Leadership

Franchisee of the Month: Guy Campbell

Two for one? Kids eat free? Everybody does that. When Guy Campbell set out to turn around anemic sales on Mondays, he wanted to do something different. He wanted to own Mondays. Kicking around ideas with a fellow franchisee, he came up with a simple, catchy promo that over the past eight years has turned Mondays into his biggest day of the week and Moe’s Southwest Grill into a Monday phenomenon.

The idea—Moe Monday—has since been adopted by more than 70 percent of the 440-plus-unit Moe’s franchise system. It originated as a simple, flat-rate deal: any burrito, chips and drink for $5. Over the years, Campbell’s taken only two price increases–first to $5.55 and more recently to $5.95–but the deal still averages $4 cheaper than normal menu prices.

“One price, any burrito, no exceptions or disclaimers,” Campbell says. “Exceptions just irritate people. Other franchisees who’ve tried it and not done as well with it are typically those who’ve tried to change it or limit it. The only things we charge extra for are double meat or double queso. Otherwise, it’s whatever they want including special LTO burritos. The last thing we want to do is tell people they can get any burrito except for the special one they came in for. Yes, we do get people who come in only on Mondays. And yes, we do get people who load every single topping on and end up with basketball-sized burritos. But the vast majority doesn’t and we just have fun with it.”

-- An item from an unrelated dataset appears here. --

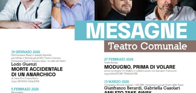 Il Teatro Comunale di Mesagne riapre le sue porte alla parola viva, al gesto e al pensiero che attraversano la scena contemporanea. La nuova stagione intreccia ironia e impegno, memoria e visione, restituendo al teatro il suo ruolo più autentico: spazio di confronto e conoscenza, luogo in cui l’arte si misura con la complessità del presente. Parte il 19 gennaio la stagione teatrale del Comune di Mesagne, 7 spettacoli in tutto, organizzata in collaborazione con Puglia Culture.

Fun, indeed. Campbell’s stores today sell an average of 650 to 700 burritos every Monday—and that’s just the special deal burritos, which he estimates represent 60 percent of sales that day. Customers line up 70 to 80 deep, and gross sales easily double or triple what’s done on typical Friday nights. In some units, Monday represents 25 to 30 percent of total sales. “It’s become a phenomenon, a real community event,” he says.

Most marketing for Moe Monday has been in-store and grassroots. Banners, flyers, vehicle wraps, ads in high school publications and community papers and tie-ins with Moe’s sponsorships of local sports teams help spread the word. Last year, when Monday sales had leveled off, Campbell turned to radio. “For four months we ran 10 ads over a three-day period—Friday, Saturday and Sunday—twice a month. We’re doing it again this year and from last year’s Mondays to this year’s we’re up 35 percent to 40 percent again.”

He estimates that his Moe’s franchisee co-op—a group that totals 18 stores in the Tampa, Lakeland and Sarasota DMA and that latched onto Moe Monday early—together has spent no more than $15,000 to promote it.

Profits take a hit on Mondays, but Campbell says his overall food costs are consistently among the lowest in the Moe’s system and that the volume makes up the difference. The promo also helps to build traffic on other days. “Moe Monday is how a lot of people get introduced to us,” he says. “I’m not losing money on it, I’m building my market. And what’s the alternative? An empty restaurant on a Monday night? No thanks.”